Moses Cone provides patient care guides that explain everything from pre-procedure to home care. Patients also are informed about follow-up classes, home health, and community resources that can help them with anything that post- procedure fatigue, stress, or simple lack of time made it hard to learn during their stay.
4. Document your work. The cardiovascular patient education form developed at North Carolina Baptist Hospitals (NCBH) in Winston-Salem lists desired learning outcomes such as:
• safe and effective use of medication;
• potential drug/food interactions;
• nutrition intervention/modified diets;
• cardiac rehabilitation;
• information about tests and procedures;
• cardiac risk factor modification;
• community resources;
• exercise/activity instruction;
• disease management of MI/Angina/CHF;
• discharge instructions.
Staff use codes to document the action they have taken under each outcome: L for litera- ture given, ID for information discussed, IR for information reviewed, or OM for outcomes met, says Lisa Kiger, RN, MSN, CCRN, clinical nurse specialist, cardiology at NCBH. The form, inserted in the patient’s clinical pathway, moves with the patient throughout the hospital and is proving helpful in rounding with physicians. "It helps, not only among nurses, but with our physicians," Kiger says. "Someone will say, This patient’s lipids show this, shouldn’t he be on lipid-lowering agents?’"
5. Evaluate your efforts. NCBH uses multidisciplinary management teams to collect and analyze data relating to specific diagnoses. Currently, data are being collected on what percentage of MI patients receive counseling on nutrition, exercise, home activity, cardiac rehab, and smoking. The MI management team will assess whether patient education goals are being met and if not, why and compare the results to length of stay, readmission rates, vascular complications, and internal and external benchmarks.
At Emory, the school of nursing has applied for a National Institutes of Health grant to further study outcomes of internal cardioverter defibrillator (ICD) patients. A 1995 study by Sandra Dunbar, RN, DSN, SAAN, associate professor, of symptoms ICD patients had after discharge led to changes in the patient education tool. Information was added on sleep, pain control, and mobility. The proposed study would look at what kinds of interventions are needed to reduce ICD symptoms.
The hospital also is beginning to track readmission rates and planning to start a return phone call program that would ask patients specific questions such as, "Did you get enough information to understand your disease process?"
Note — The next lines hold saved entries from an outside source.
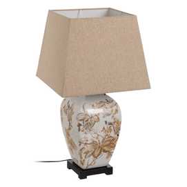 Material: PORCELANA Y POLIÉSTER. Medidas de la tulipa:36*40*25cm. Voltios: 220-240V. Casquillo: E27. Bombilla: 1*60W (no incluida). Cable color negro. Longitud del cable:2.50m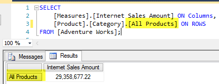 The following MDX Query returns the [All Products] member from the attribute hierarchy “Category”.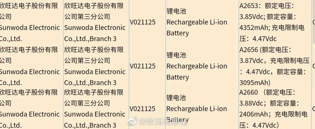 根据入网信息,iPhone 13系列会有三个不同容量的电池,额定容量分别为4352mAh、3095mAh、2406mAh,对应A2653、A2656、A2660三个型号。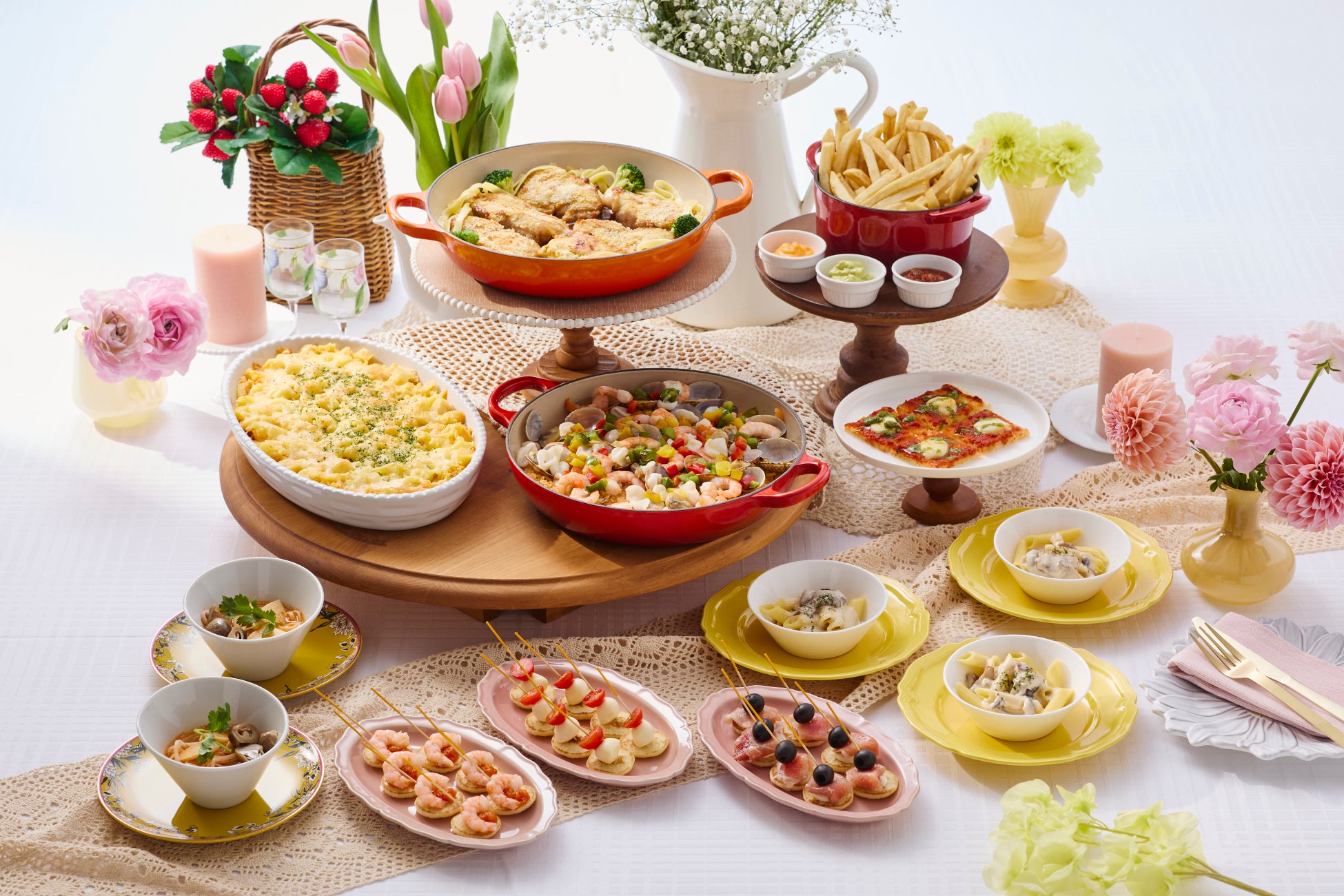 「いちごとお花が春の訪れを呼ぶガーデンパーティ」をテーマに、パステルカラーのやわらかな色合いを基調とした春らしい華やかな装飾を展開します。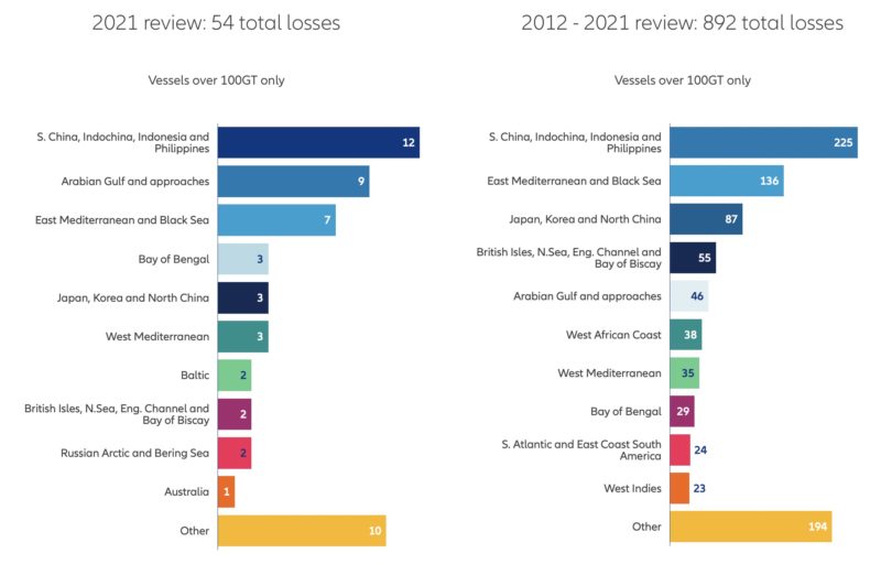 L’étude annuelle de l’AGCS analyse les pertes de navires et les pertes (incidents) de plus de 100 tonnes brutes. En 2021, 54 pertes totales de navires ont été signalées dans le monde, contre 65 un an plus tôt. Cela représente une baisse de 57 % sur 10 ans (127 en 2012), alors qu’au début des années 1990, la flotte mondiale perdait plus de 200 navires par an.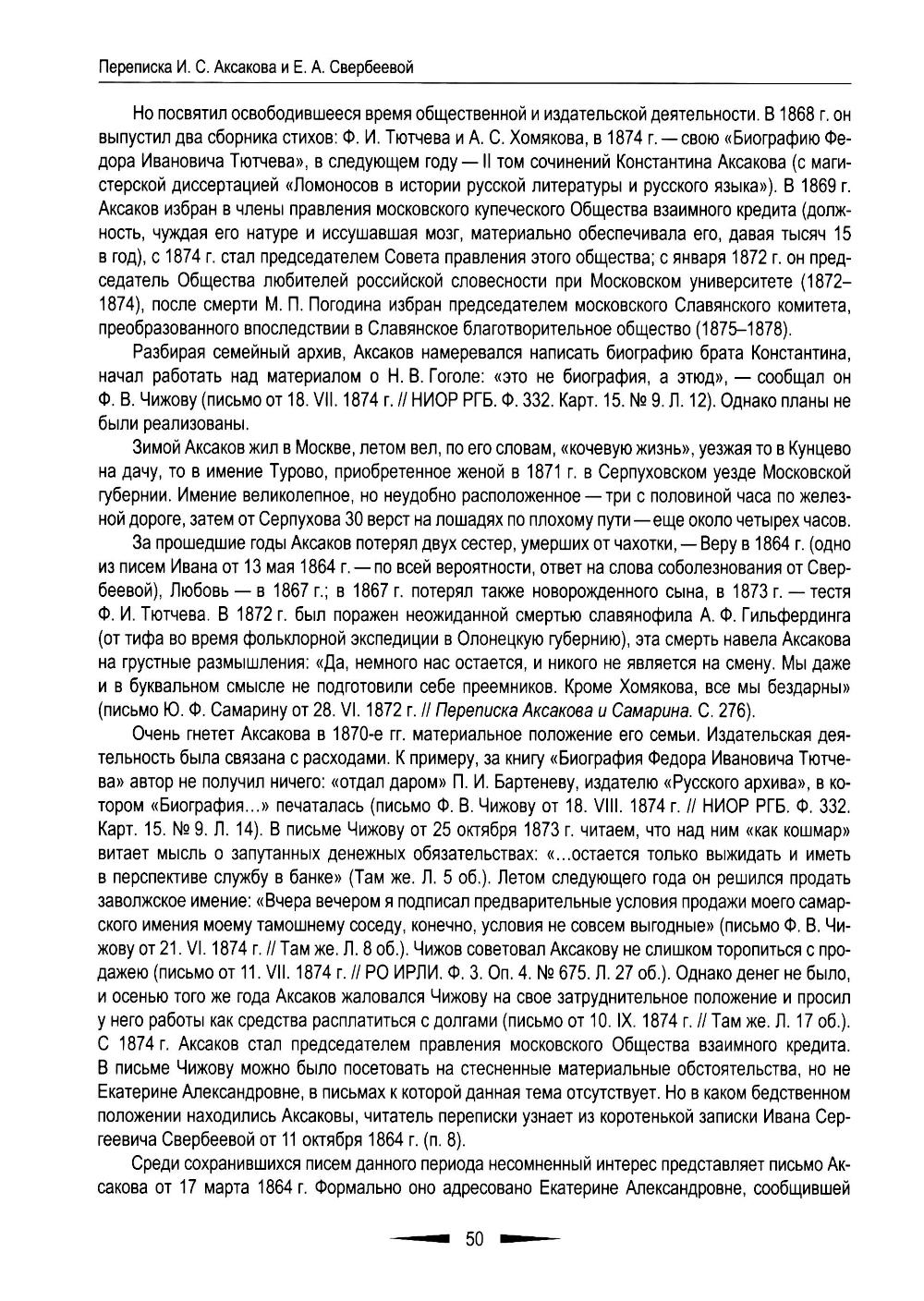 Переписка И. С. Аксакова и Е. А. Свербеевой (1861–1885). Славянофильский архив. Кн. 5

Patient surveys are used at the VA Medical Center in Albuquerque, NM, says Carol Maller, MS, RN, CHES, patient education coordinator. Patients in the medical center’s group program complete a satisfaction form and a knowledge-based form. A third form asks specific questions tied to Joint Commission on Accreditation of Healthcare Organizations standards, such as providing understandable information and teaching about medications.
"Just because you document that you’ve given patients certain information, it doesn’t mean they are going to change their behavior," Maller says. "That’s why we stress repetition and why we follow up in a group setting when they’re more ready for learning and can bring family members to help."